Вряд ли русская общественность была знакома хотя бы с таким выдающимся военным бытописателем, каким был М. И. Драгомиров — автор прекрасных очерков «Наполеон и Веллингтон», «Жанна д'Арк», военного разбора «Войны и мира» и множества статей с глубоким анализом военно-бытовых вопросов. Его своеобразный язык, оригинальность мысли и тонкое понимание психологии воина создали ему и в военной литературе такое же исключительное положение, как на кафедре и на командных постах. Его личный авторитет был велик настолько, что толкования его недоуменных вопросов службы и быта принимались зачастую в армии, как положения устава. Драгомиров пользовался большой популярностью и во Франции, где ценили его и переводили его труды; а редкие поездки его во Францию сопровождались исключительным вниманием французских военных кругов.
Много и талантливо писал Н. Бутовский, и его сочинения находили признание не только в русской военной среде, но и за границей, будучи переведены на французский, немецкий, испанский, сербский, болгарский, румынский языки. Много лет в «Русском Инвалиде» печатались статьи и рассказы П. Н. Краснова — интересные, но, по мнению частной военной печати, изобличавшие в авторе большее знание столичной и гвардейской жизни, нежели армейской. Военная жизнь азиатских окраин описывалась Лагофетом. Армейские будни находили отражение в талантливых шаржах Егора Егорова (псевдоним капитана артил. Г. Елчанинова). Писал под псевдонимом «Остап Бондаренко» легкие эскизы бывший военный министр Сухомлинов… Если к этому перечню прибавить десяток имен менее известных, то им исчерпывается состав бытописателей военной жизни на протяжении почти четверти века.
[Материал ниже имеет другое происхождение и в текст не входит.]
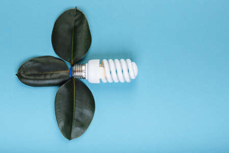 Energy-saving fluorescent lamp with green leaf, ECO energy concept

Еще менее, чем с военными авторами, общество знакомо было с теми условиями, в которых протекала их деятельность. А были они весьма не легки. Помимо общих цензурных ограничений, в военном быту чрезвычайно широко понималось «обнаружение сведений, вверенных по службе», замыкая уста самые благонамеренные. При этом с 1908 г. военное министерство, введя ряд стеснений для военнослужащих, причастных к печати, потребовало, чтобы лица, пишущие под псевдонимом, сообщали его своему ближайшему начальнику. Начальство по большей части относилось к «балующим пером» с большим предубеждением. Общая тенденция — не выносить сор из избы — получила чрезвычайно распространительное толкование; запретное облекалось в почтенные покровы соблюдения «военного секрета» или недопустимости подрыва авторитетов. Под запретом находились суждения не о лицах только — это было бы в военной обстановке понятно, — но даже о системах обучения, организации и, конечно, об изнанке жизни и быта.
Помню случай в Варшавском округе еще в период командования им ген. Гурко. В то время в армии шел большой спор о пользе или вреде зимних маневров с ночлегом в поле.В Варшавском и еще в каком-то округе такие маневры практиковались, в других — пользы их не признавали. Почему-то Гурко, проводивший вообще здравую систему обучения, в этом вопросе, проявлял упорство необычайное. Между тем солдат, в снабжение которых не входили тогда ни полушубки, ни теплое белье, такие ночи, проведенные в полотняных палатках, не приучали к перенесению холода и к приемам согревания, как того ожидало начальство, а только калечили.